> [PROBLEM DETAILS]:
Your answer is to be the exact text of the lines from the one containing "積木式自由組合,按需供氣;蒸" through the final line of the entries, restated in full, with pictures omitted.

> [RECORD SET]:
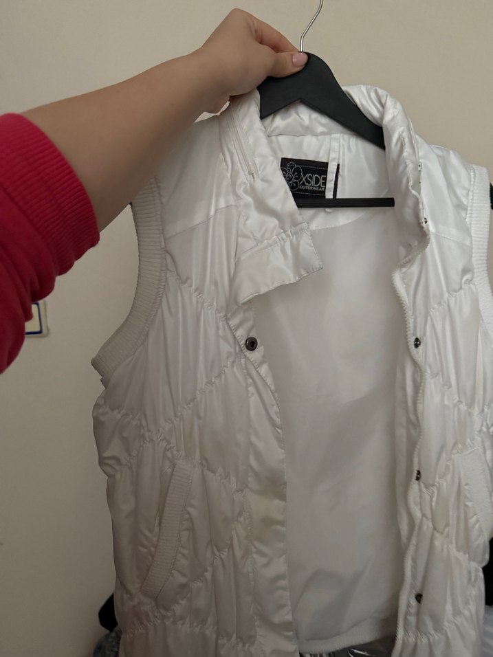 Düğmeli, yüksek yakalı beyaz kadın yelek. Pürüzsüz sentetik kumaştan, atletik sokak tarzı için uygun, vücuda oturan kesimde. Midi boyda ve desensiz.
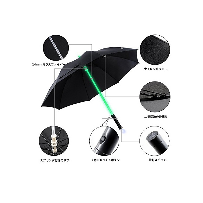 원본상품명: YIER 長傘 光る傘 旅行傘 紳士傘 耐風傘 LED 7色 メンズ 子供用 梅雨?策 夜間?? ブラック
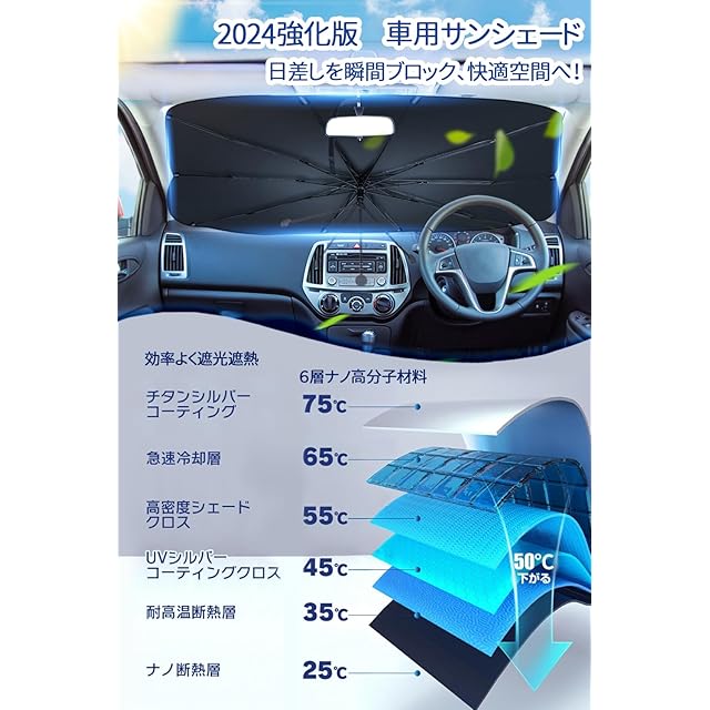 【ほとんどの車種に対応】4サイズから選べる傘型サンシェードは、軽自動車サンシェード、コンパクトカー、コンパクトSUVから大型SUV、ミニバン、商用バンまでほとんど全ての車種のフロントガラスに対応しています。※少し高さが足りない場合はサンバイザーを降ろせば日が入りませんでした。【ご注意】サンシェード 車 フロントは車型によって、多少誤差がありますが、ご購入前に、フロントガラスのサイズご確認ください。
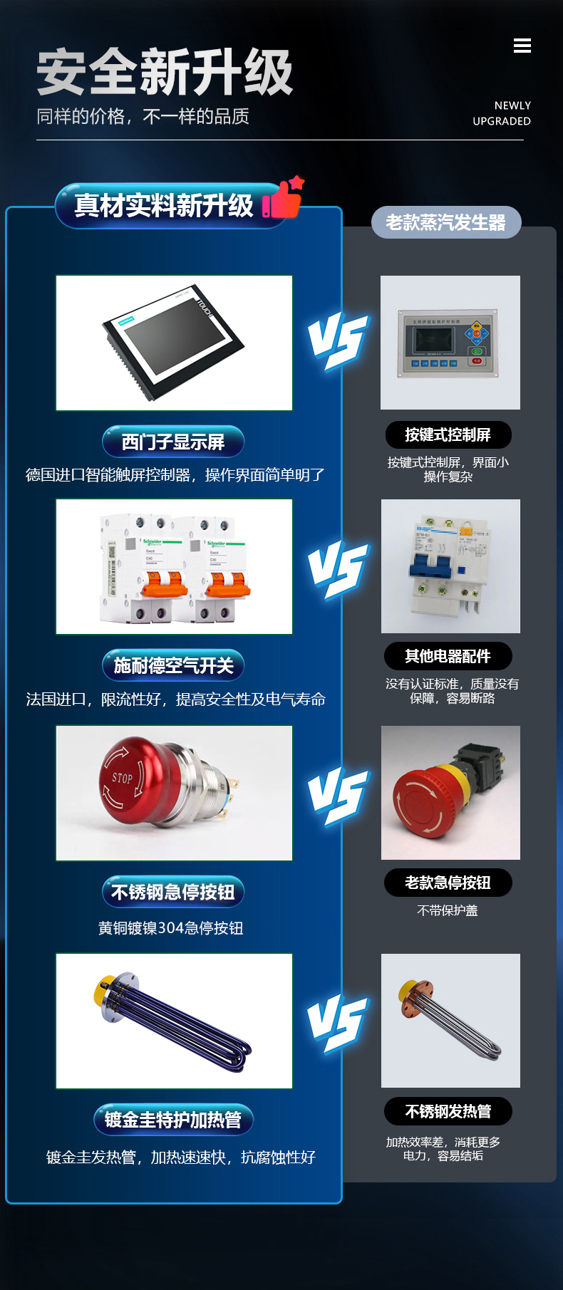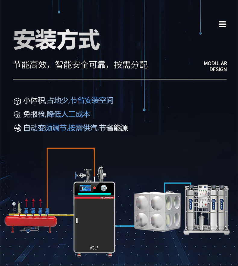 積木式自由組合,按需供氣;蒸汽量:6kg至6T;幾何容積小于30L,無需報(bào)檢;獨(dú)特汽水分離器蒸汽干度高達(dá)99%;溫度、壓力、可定制,更多參數(shù)可致電15323300918...
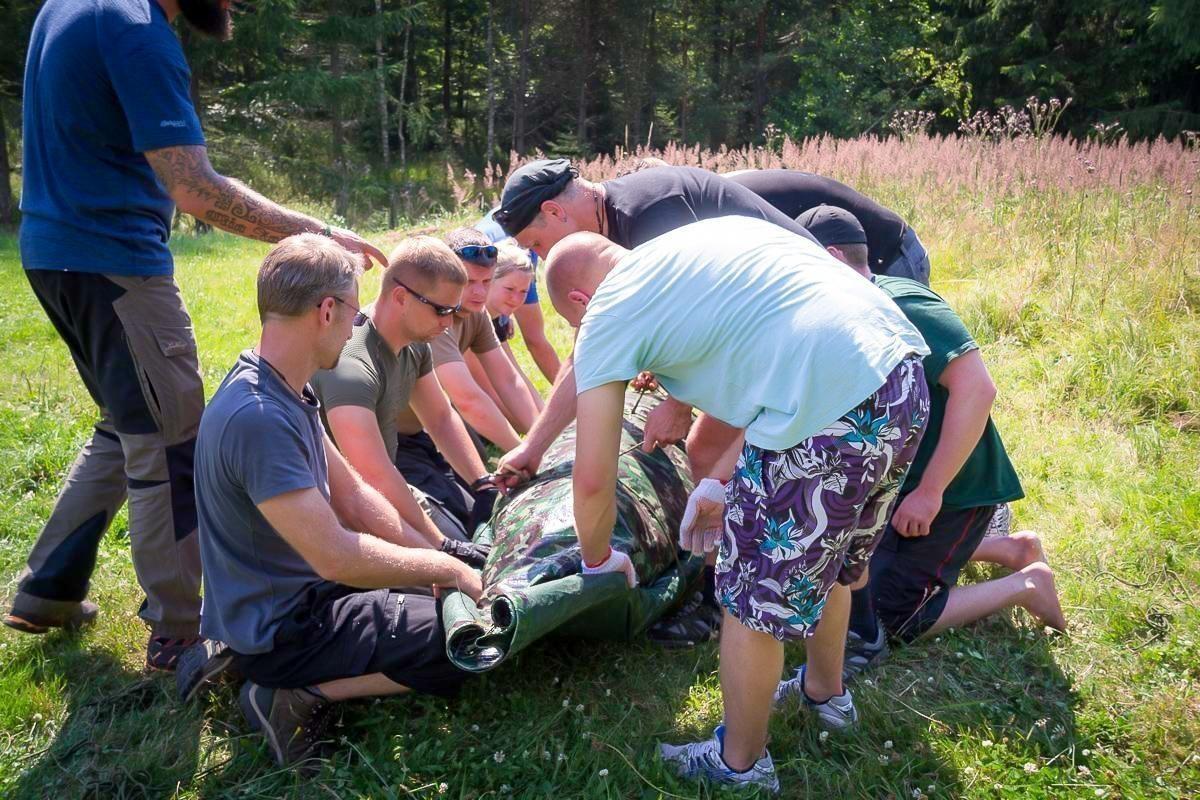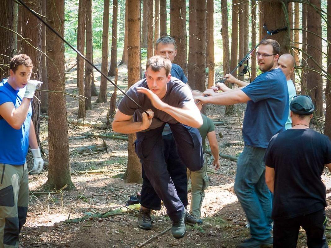 Die Teilnehmer beschäftigten sich auch mit der ersten Hilfe, wobei sie Techniken zum Bergen und Tragen von verletzten Personen erlernten. In praktischen Übungen unterstützten sie sich gegenseitig beim Anlegen von Bandagen und beim sicheren Transport von Personen über Hindernisse. Das Training beinhaltete zudem das Fallenbauen, um Nahrungsressourcen zu sichern. Die Interaktionen unter den Teilnehmern förderten nicht nur das Lernen, sondern auch den Teamgeist.

> [EXERCISE OUTPUT]:
 積木式自由組合,按需供氣;蒸汽量:6kg至6T;幾何容積小于30L,無需報(bào)檢;獨(dú)特汽水分離器蒸汽干度高達(dá)99%;溫度、壓力、可定制,更多參數(shù)可致電15323300918...
 Die Teilnehmer beschäftigten sich auch mit der ersten Hilfe, wobei sie Techniken zum Bergen und Tragen von verletzten Personen erlernten. In praktischen Übungen unterstützten sie sich gegenseitig beim Anlegen von Bandagen und beim sicheren Transport von Personen über Hindernisse. Das Training beinhaltete zudem das Fallenbauen, um Nahrungsressourcen zu sichern. Die Interaktionen unter den Teilnehmern förderten nicht nur das Lernen, sondern auch den Teamgeist.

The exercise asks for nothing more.